ACTIVITY
Begin at the line containing "Nous avons entièrement" in the entries below and end at the line containing "eller støvsuges |"; transcribe that range exactly and nothing outside it.

START DATA SECTION

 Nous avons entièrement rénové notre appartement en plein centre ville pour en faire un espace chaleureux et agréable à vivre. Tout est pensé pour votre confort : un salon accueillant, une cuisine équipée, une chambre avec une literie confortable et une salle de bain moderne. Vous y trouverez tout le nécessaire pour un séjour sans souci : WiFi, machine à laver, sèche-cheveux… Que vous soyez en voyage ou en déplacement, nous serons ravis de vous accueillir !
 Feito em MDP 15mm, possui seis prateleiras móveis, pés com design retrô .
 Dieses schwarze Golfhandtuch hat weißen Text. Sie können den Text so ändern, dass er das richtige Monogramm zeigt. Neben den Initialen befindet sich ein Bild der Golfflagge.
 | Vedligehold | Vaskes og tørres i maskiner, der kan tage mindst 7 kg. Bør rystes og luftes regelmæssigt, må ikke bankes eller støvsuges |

END DATA SECTION
START DATA SECTION

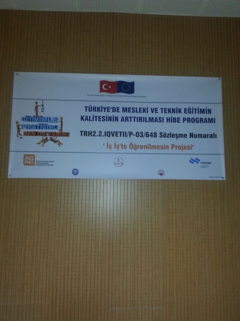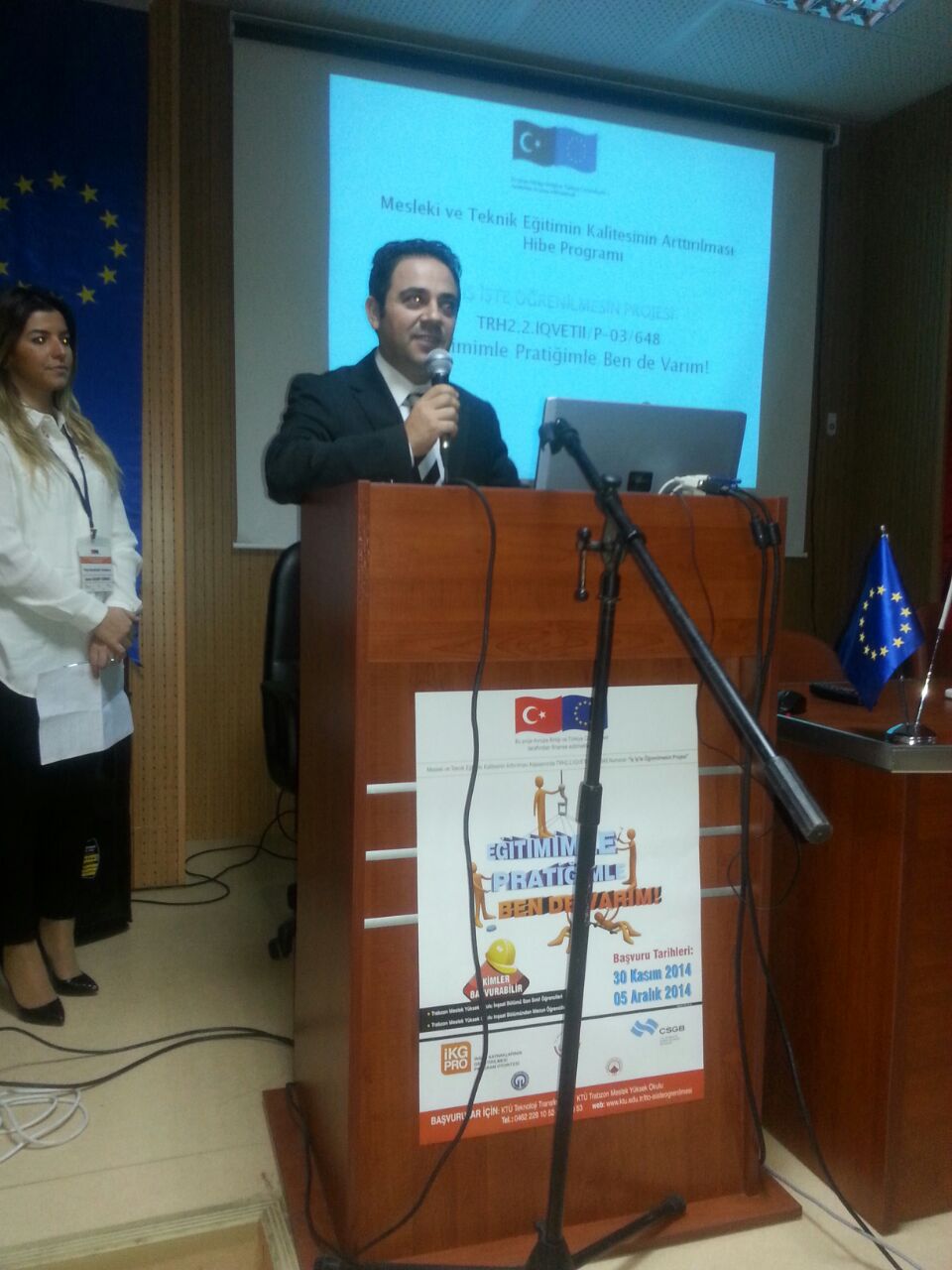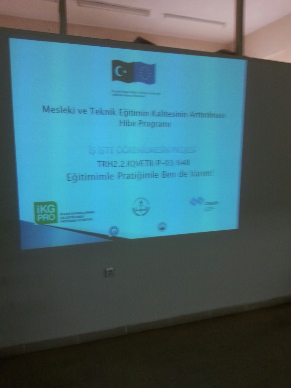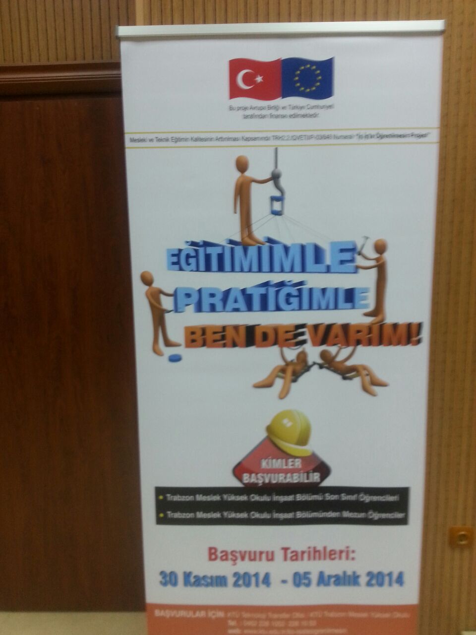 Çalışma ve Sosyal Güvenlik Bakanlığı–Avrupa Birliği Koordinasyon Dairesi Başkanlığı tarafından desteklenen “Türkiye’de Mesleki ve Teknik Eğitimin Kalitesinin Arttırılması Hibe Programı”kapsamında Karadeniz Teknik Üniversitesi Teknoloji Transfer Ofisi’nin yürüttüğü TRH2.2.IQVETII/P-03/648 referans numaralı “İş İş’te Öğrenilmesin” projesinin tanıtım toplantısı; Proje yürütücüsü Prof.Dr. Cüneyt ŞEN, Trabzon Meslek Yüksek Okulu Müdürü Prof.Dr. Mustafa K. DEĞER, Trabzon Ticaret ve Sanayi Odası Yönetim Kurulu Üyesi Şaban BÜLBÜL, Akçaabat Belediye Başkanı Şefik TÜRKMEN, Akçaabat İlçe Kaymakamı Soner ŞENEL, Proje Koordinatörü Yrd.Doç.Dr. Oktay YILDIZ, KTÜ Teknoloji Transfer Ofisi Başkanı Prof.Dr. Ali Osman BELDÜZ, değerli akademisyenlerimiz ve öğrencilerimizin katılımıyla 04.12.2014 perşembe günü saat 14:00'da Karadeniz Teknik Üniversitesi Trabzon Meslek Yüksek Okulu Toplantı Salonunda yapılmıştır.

END DATA SECTION

REPLY TO THE TASK
 Nous avons entièrement rénové notre appartement en plein centre ville pour en faire un espace chaleureux et agréable à vivre. Tout est pensé pour votre confort : un salon accueillant, une cuisine équipée, une chambre avec une literie confortable et une salle de bain moderne. Vous y trouverez tout le nécessaire pour un séjour sans souci : WiFi, machine à laver, sèche-cheveux… Que vous soyez en voyage ou en déplacement, nous serons ravis de vous accueillir !
 Feito em MDP 15mm, possui seis prateleiras móveis, pés com design retrô .
 Dieses schwarze Golfhandtuch hat weißen Text. Sie können den Text so ändern, dass er das richtige Monogramm zeigt. Neben den Initialen befindet sich ein Bild der Golfflagge.
 | Vedligehold | Vaskes og tørres i maskiner, der kan tage mindst 7 kg. Bør rystes og luftes regelmæssigt, må ikke bankes eller støvsuges |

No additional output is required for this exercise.